** Opening Extracted data block **

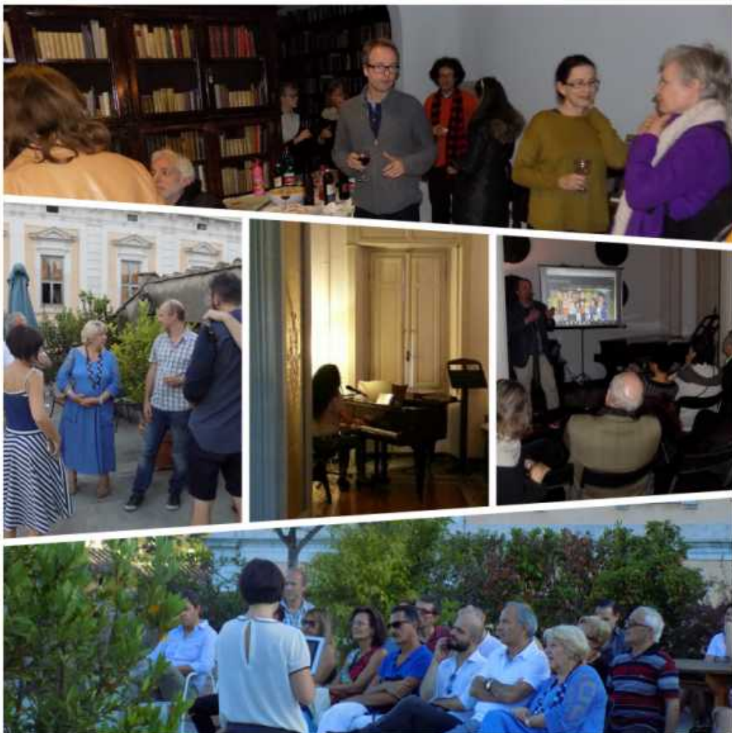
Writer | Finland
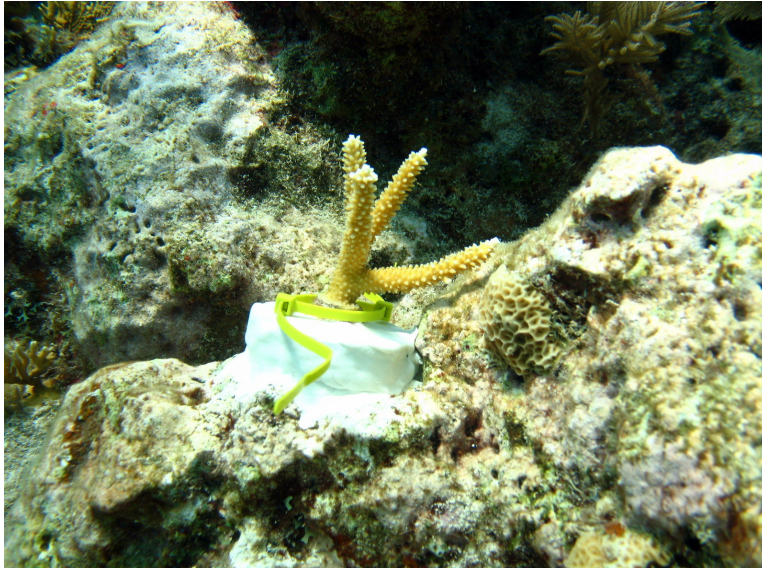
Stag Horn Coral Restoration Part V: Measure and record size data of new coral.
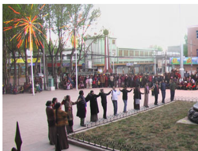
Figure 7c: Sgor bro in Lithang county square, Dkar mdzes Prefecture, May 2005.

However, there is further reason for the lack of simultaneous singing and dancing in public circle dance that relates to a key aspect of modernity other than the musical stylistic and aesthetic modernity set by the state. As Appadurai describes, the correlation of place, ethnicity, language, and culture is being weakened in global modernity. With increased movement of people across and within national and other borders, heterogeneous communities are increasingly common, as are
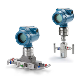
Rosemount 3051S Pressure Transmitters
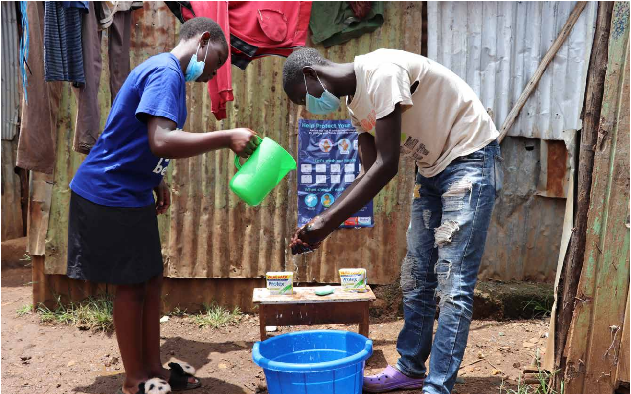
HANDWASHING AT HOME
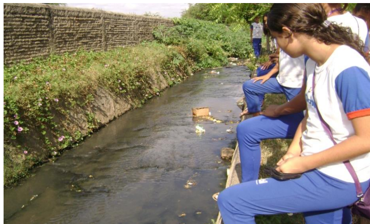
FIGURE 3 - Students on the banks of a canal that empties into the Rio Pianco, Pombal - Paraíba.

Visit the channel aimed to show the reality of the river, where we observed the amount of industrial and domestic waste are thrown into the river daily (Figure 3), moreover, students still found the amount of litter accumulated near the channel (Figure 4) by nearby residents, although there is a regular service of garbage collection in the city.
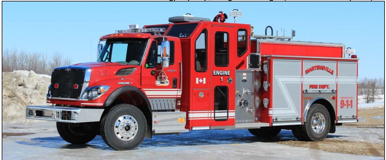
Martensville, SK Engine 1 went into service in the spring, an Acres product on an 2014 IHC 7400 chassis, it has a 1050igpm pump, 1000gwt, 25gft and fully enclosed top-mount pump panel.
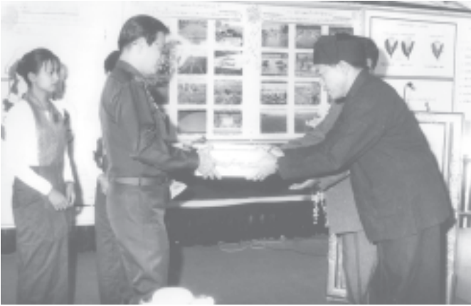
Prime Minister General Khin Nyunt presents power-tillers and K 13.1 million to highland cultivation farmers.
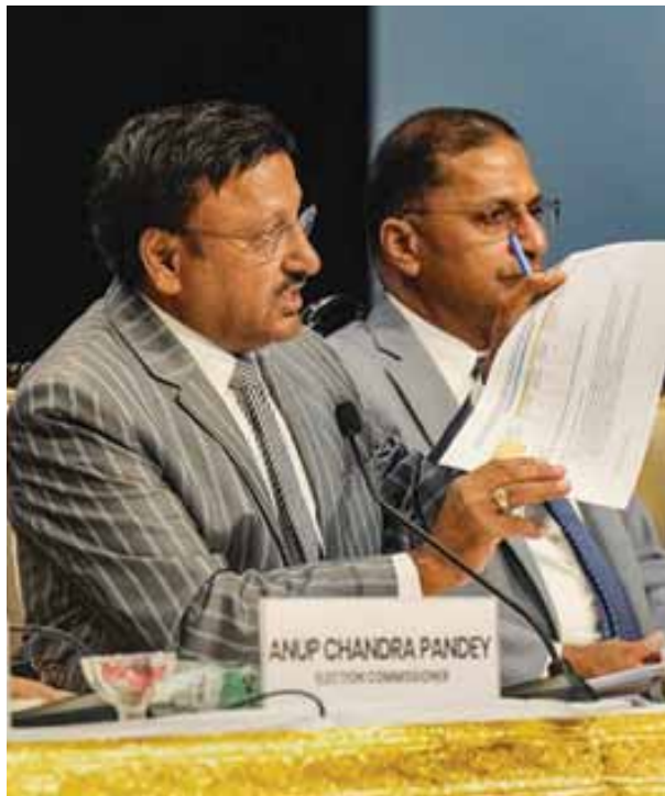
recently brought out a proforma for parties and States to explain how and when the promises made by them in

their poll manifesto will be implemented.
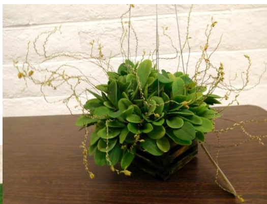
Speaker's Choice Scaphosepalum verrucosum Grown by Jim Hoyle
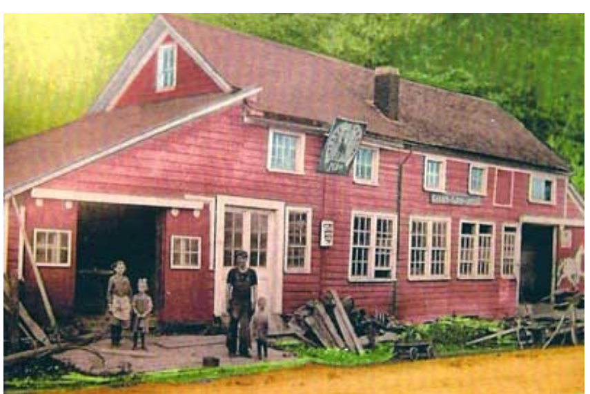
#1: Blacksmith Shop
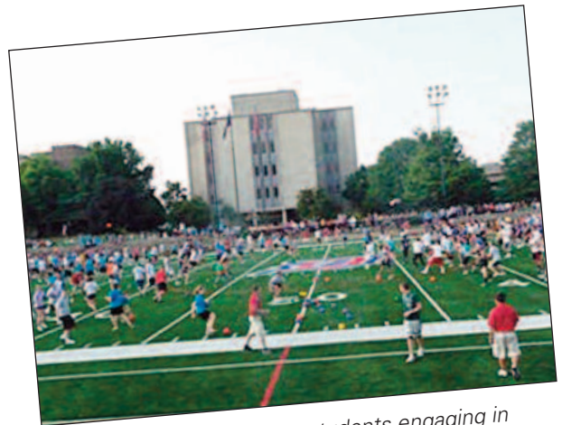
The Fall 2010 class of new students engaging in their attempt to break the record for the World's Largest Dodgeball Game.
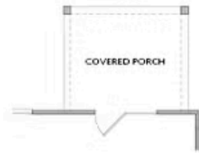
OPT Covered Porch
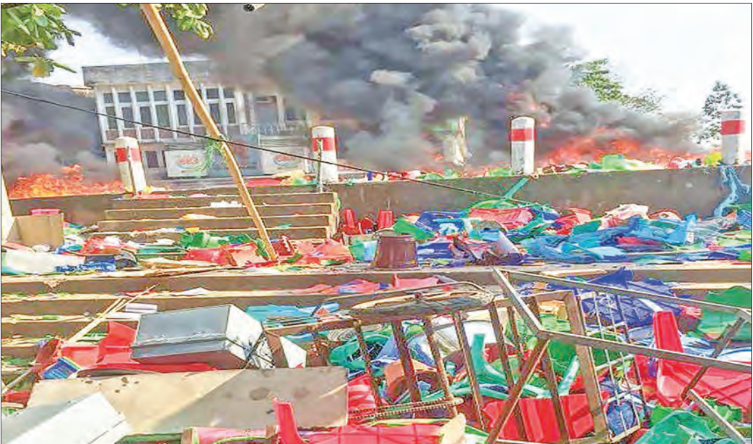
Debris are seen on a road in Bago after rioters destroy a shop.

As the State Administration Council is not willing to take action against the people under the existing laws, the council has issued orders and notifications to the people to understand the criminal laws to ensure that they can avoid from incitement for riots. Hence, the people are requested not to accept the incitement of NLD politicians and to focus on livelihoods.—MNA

** Closing Extracted data block **

▶ **Exercise directions**: From the line that includes "Speaker's Choice Scaphosepalum" on down to the last line of the entries above, set down each line exactly, leaving out the pictures.

▶ **Result**:
Speaker's Choice Scaphosepalum verrucosum Grown by Jim Hoyle
#1: Blacksmith Shop
The Fall 2010 class of new students engaging in their attempt to break the record for the World's Largest Dodgeball Game.
OPT Covered Porch
Debris are seen on a road in Bago after rioters destroy a shop.

As the State Administration Council is not willing to take action against the people under the existing laws, the council has issued orders and notifications to the people to understand the criminal laws to ensure that they can avoid from incitement for riots. Hence, the people are requested not to accept the incitement of NLD politicians and to focus on livelihoods.—MNA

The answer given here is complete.